According to the seventh aspect of the present disclosure, the holes are larger on the upstream side in the direction of the flow of the intake air and smaller on the downstream side, and thus the intake air is atomized through further generation of turbulence on the upstream side while the blown-back air-fuel mixture can be stopped on the downstream side.
According to the eighth aspect of the present disclosure, each of the holes is a choking hole whose passage cross-sectional area is narrowed on one side. Consequently, the intake air changes in flow rate and is atomized through further generation of turbulence.
According to the ninth aspect of the present disclosure, the choking hole includes the large-diameter passage portion and the small-diameter passage portion. Consequently, the intake air changes in flow rate due to a change in passage diameter and is atomized through further generation of turbulence.
According to the tenth aspect of the present disclosure, the choking hole is gradually narrowed from the large-diameter passage to the small-diameter passage. Consequently, the intake air changes in flow rate due to a change in passage diameter and is atomized through further generation of turbulence.
According to the eleventh aspect of the present disclosure, the choking holes are arranged to alternate the narrowed sides on both sides of the guide body, and thus the intake air is atomized through further generation of turbulence.
According to the twelfth aspect of the present disclosure, each of the holes is the through hole having the equal passage cross-sectional area, and thus the intake air is higher in flow rate and is atomized through further generation of turbulence.
According to the thirteenth aspect of the present disclosure, the guide body having the multiple holes is disposed in the intake passage of the 2-stroke engine. Consequently, combustion efficiency and fuel consumption are improved in the 2-stroke engine.
According to the fourteenth aspect of the present disclosure, the guide body having the multiple holes is disposed in the intake passage of the 4-stroke engine. Consequently, combustion efficiency and fuel consumption are improved in the 4-stroke engine.

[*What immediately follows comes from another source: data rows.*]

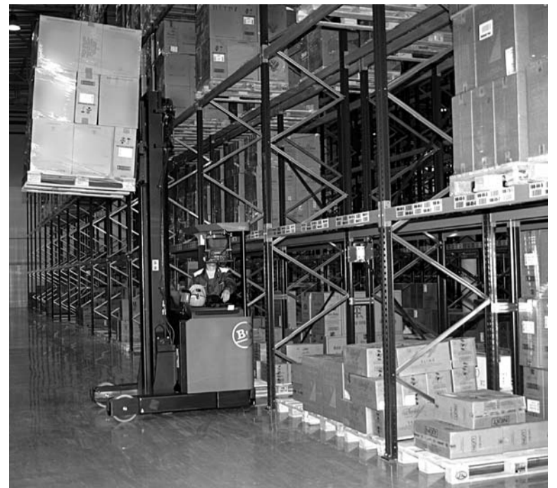
ОБЪЕКТЫ, НЕОБХОДИМЫЕ для производственных целей, сохраняют свою востребованность бизнесом даже после массового перехода на удаленку
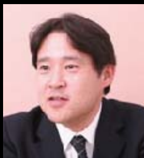
消費者相談実績 2500件 住宅コンサルタント
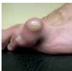
Figura 5. Desviación del dedo en el plano sagital.
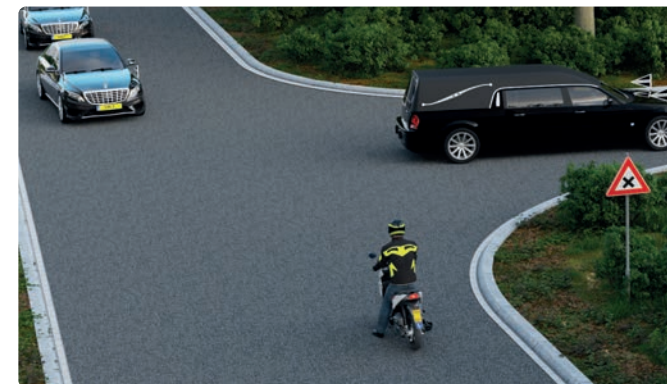
Een militaire colonne of uitvaartstoet mag je niet doorsnijden.

Deze stoet bestaat uit een rouwauto en volgauto's. Zij begeleiden een overledene of de as van een overledene naar de laatste rustplaats. Een uitvaartstoet -of rouwstoet- herken je aan het herkenningsteken.
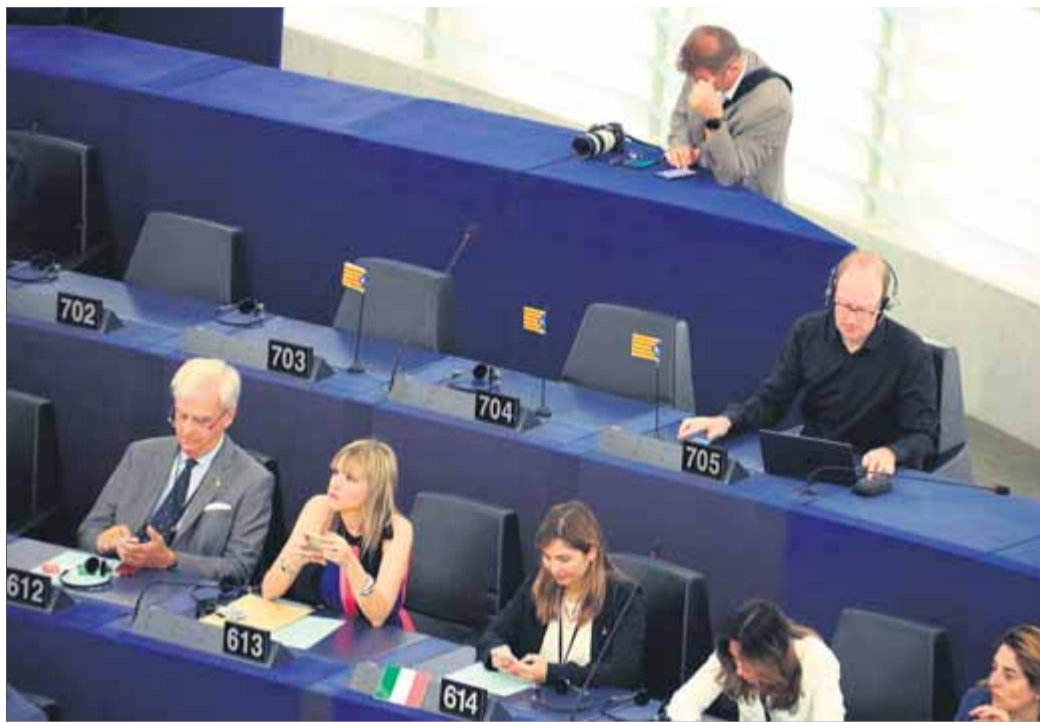
El Tribunal de Luxemburg haurà de decidir aviat sobre els tres escons buits de l'europarlament
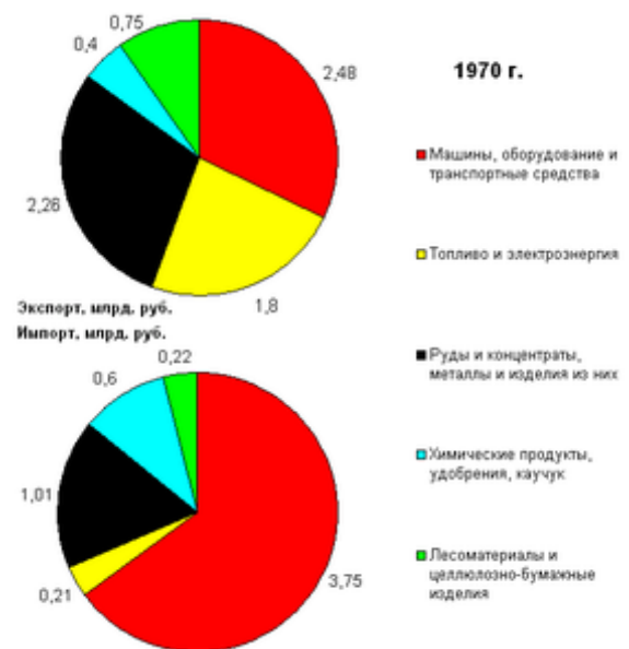
Структура внешней торговли СССР в 1970 г.

Неблагоприятным фактором для развития реформ мог также быть рост поступлений от экспорта нефти (так, открытое в 1965 году Самотлорское нефтяное месторождение было пущено в
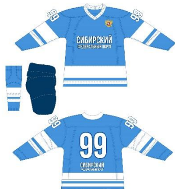
Сборная Сибирского ФО
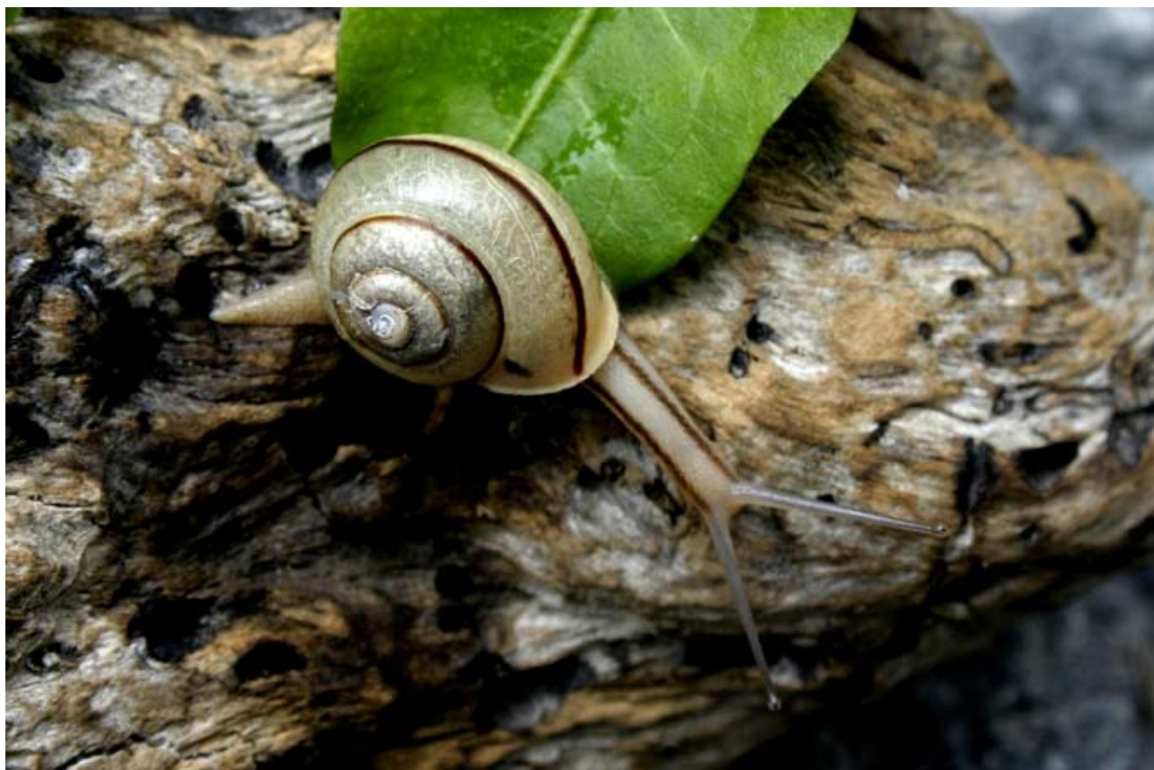
Figura 1. Tryonigens remondi (Tryon, 1863), familia Helminthoglyptidae CNMO 2829 Guerrero, Las Juntas cerca de Acahuizotla, Col. Felipe Noguera, 2 agosto 2008.

Los moluscos pueden tener o no tener concha, o tener concha interna reducida. La concha está constituida por cristales de carbonato de calcio en forma de aragonita (Solem, 1974), además es la estructura protectora del molusco y es altamente diversa en morfología y ornamentación (Solem, 1974; Barker, 2001). La concha puede ser discoidal, globosa, coniforme, turriiforme, en forma de huso o de pupa. Unas son relativamente delgadas (terrestres), muy delgadas (pulmonados dulceacuícolas) o fuertes (prosobranquios terrestres y dulceacuícolas). El color de la concha tiende a ser claro en las especies que habitan en sitios muy soleados, lo cual les permite disipar la energía y refrescarse (Burch y Pearce, 1990), de un solo color en especies que habitan el suelo y las arborícolas tienen patrones de coloración con líneas o vetas (Thompson, 1987).
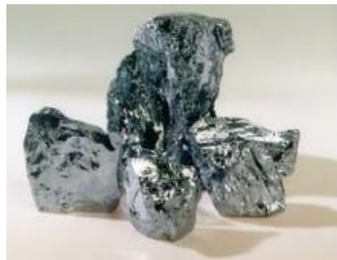
Silicium métal
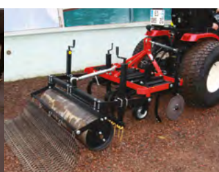
La herse de désherbage
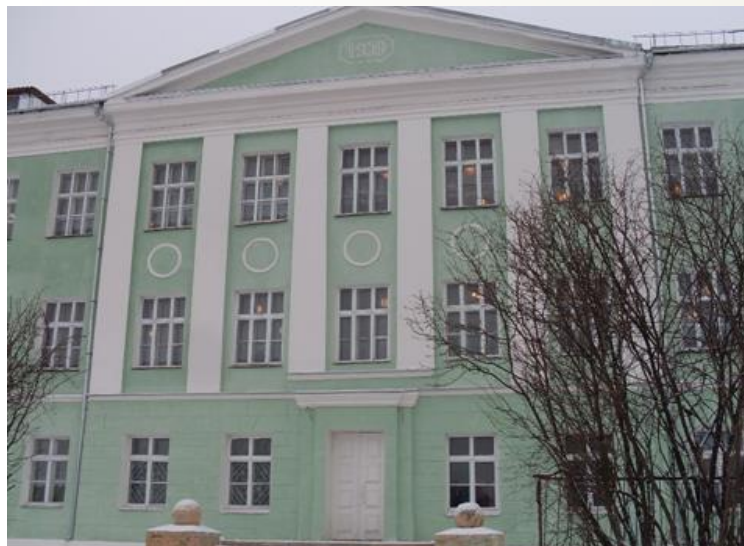
Школа № 6 – 1931 г.
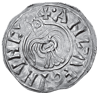
Slika 15. Avers anglo-vikinškog srebrnog pennya, Anlaf Guthfrithsson (939.-941.)

Godine 939., nakon smrti Aethelstana, Vikinzi su pod Anlafom Guthfrithssonom, okupirali York. Ta je okupacija trajala sve dok ih Eadred nije pobijedio 954. godine. Tijekom te okupacije Vikinzi su kovali nekoliko tipova kovanica u manje od 200 različitih varijanti, koje su danas vrlo rijetke. Postoje tri skupine kovanica koje su kovali: ona koja slijedi vrste suvremenog anglosaksonskog novca, vrste koje su bile kopije posebnih izdanja Anglosaksonaca ili ranijih vikinških izdanja, i tipova koji su bili novi, izvornog nordijskoga dizajna. Posljednja skupina, koja uključuje vrste „Raven“ - gavran i Triquetra - triketa, možda su najintrigantniji. Prema M. Blackburnu gavran tip kovanica ima jedan od najdramatičnijih dizajna u engleskoj seriji. 43 Ona prikazuje klasični simbol Vikinga, gavrana s ispruženim krilima i glavom okrenutom ulijevo. Budući da se gavran povezuje sa sv. Osvaldom (kraljevski svećenik Northumbrije), da triquetra predstavlja Trojstvo u umjetnosti 7.-8. stoljeća, a da je trokutasta zastava na kovanicama ukrašena križem, Blackburn spekulira da su dizajneri stvorili prikaz sup-tilno privlačan dvojnoj publici.
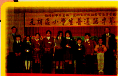
林校長、頒獎嘉賓及得獎學生
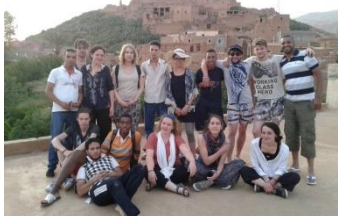
Chantiers Echanges Juin 2015 - Maroc
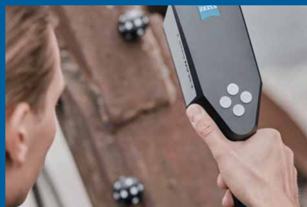
測定ワークフロー全体をボタン1つで
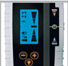
Beleuchtetes LC-Display, superhelle Signal-LED's
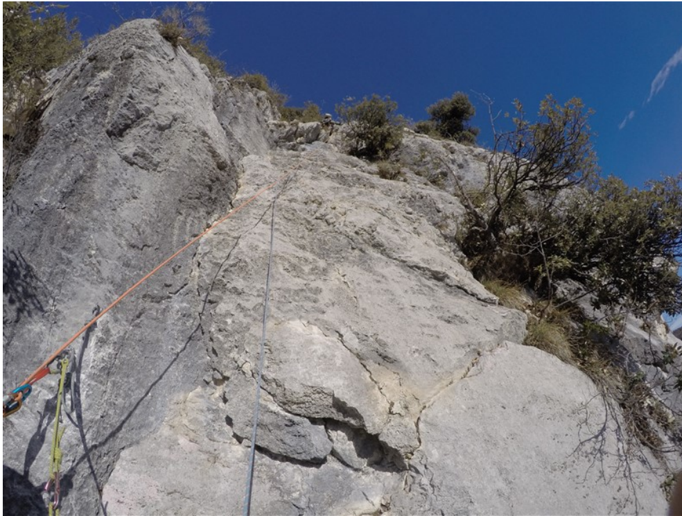
Sesta lunghezza dopo la pulizia
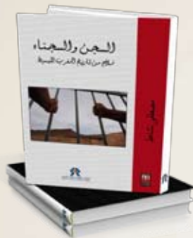
Prison et prisonniers. Quelques cas de l'histoire du Maroc médiéval Mustapha Nashat. Arabe

Dans le cadre de ses activités, le Conseil national des droits de l'Homme édite annuellement une dizaine de publications : rapports annuels sur la situation des droits de l'Homme, rapports thématiques, actes de séminaire, études, etc. Le CNDH publie en parallèle des ouvrages traitant de différents aspects de la problématique des droits de l'Homme. Les titres publiés en 2012 (aux éditions La Croisée des chemins) sont présentés à l'occasion de cette 18 ÈME édition du SIEL.
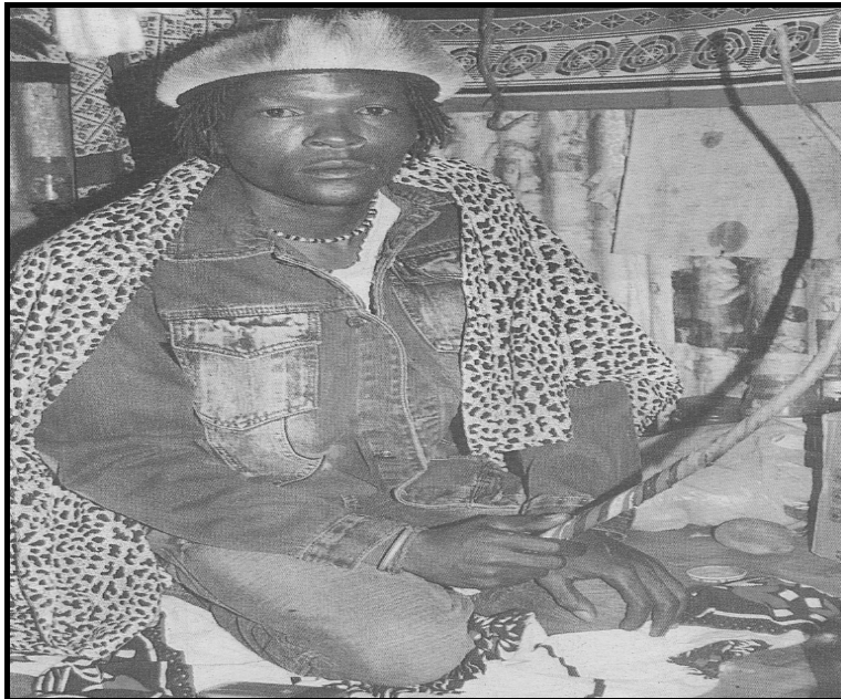
[Xi huma eka Daily Sun ya siku ra 12-12-2006]

BRIEF DESCRIPTION OF THE DRAWINGS
FIG. 1 is a vertical cross-sectional view depicting a 2-stroke engine provided with an intake apparatus;
FIG. 2 is a cross-sectional view taken along the line II-II in FIG. 1;
FIG. 3 is a vertical cross-sectional view depicting a 4-stroke engine provided with an intake apparatus;
FIG. 4 is a cross-sectional view depicting an intake passage in a state of having a guide body of a first embodiment arranged therein;
FIGS. 5A to 5D are plan views each depicting the guide body;
FIGS. 6A to 6D are plan views each depicting the guide body;
FIGS. 7A to 7D are cross-sectional views each depicting the guide body;
FIGS. 8A to 8C are plan views each depicting the guide body;
FIGS. 9A to 9C are cross-sectional views each depicting the hole part of the guide body;
FIG. 10 is a perspective view depicting the guide body of a second embodiment;
FIG. 11 is a schematic perspective view depicting a state of arranging the guide body in the intake passage;
FIG. 12 is a cross-sectional view depicting the intake passage in which the guide body is arranged;
FIG. 13 is a perspective view depicting the guide body of a third embodiment;
FIG. 14 is a cross-sectional view depicting the intake passage in which the guide body is arranged; and
FIGS. 15A to 15D are cross-sectional views each depicting the intake passages in which the guide bodies of a fourth embodiment are arranged.
DESCRIPTION OF THE EMBODIMENTS
Embodiments of an intake apparatus of an engine according to the present disclosure will be described below with reference to the accompanying drawings, but the present disclosure is not limited to these embodiments.
Configuration of Engine
(2-Stroke Engine)
FIGS. 1 and 2 illustrates an embodiment made by applying the present disclosure to a 2-stroke engine, where FIG. 1 is a vertical cross-sectional view of the 2-stroke engine provided with an intake apparatus and FIG. 2 is a cross-sectional view taken along the line II-II in FIG. 1.
According to the present disclosure, in the intake apparatus of the engine provided with a fuel supplying device for supplying fuel into an intake passage, a guide body 200 having multiple holes 201 is disposed in the intake passage located downstream from the fuel supplying device.
The engine of the present embodiment is a 2-stroke engine 1, and the 2-stroke engine 1 includes a crank case 2 having an upper case 3 and a lower case 4. A crank shaft 5 is pivotally supported between the upper case 3 and the lower case 4, and a crank chamber 6 is constructed of the upper case 3 and the lower case 4.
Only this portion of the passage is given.